[Start of section]

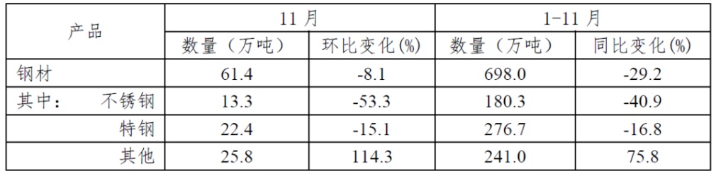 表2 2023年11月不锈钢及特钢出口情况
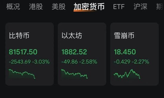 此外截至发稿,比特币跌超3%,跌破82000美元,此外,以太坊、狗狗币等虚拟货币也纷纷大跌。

[End of section]
[Start of section]

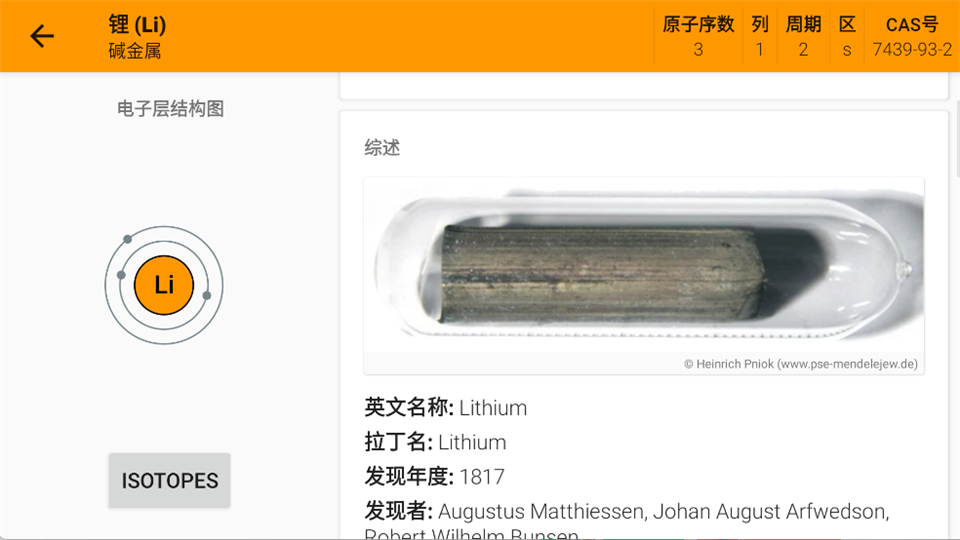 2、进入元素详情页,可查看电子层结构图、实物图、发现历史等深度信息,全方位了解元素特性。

[End of section]

▸ **Task instructions**: From the data above, return only the lines starting at the line that holds "表2 2023年11月不锈钢及特钢出口情况" and ending at the line that holds "此外截至发稿,比特币跌超3%", word for word and without pictures.

▸ **Exercise result**:
 表2 2023年11月不锈钢及特钢出口情况
 此外截至发稿,比特币跌超3%,跌破82000美元,此外,以太坊、狗狗币等虚拟货币也纷纷大跌。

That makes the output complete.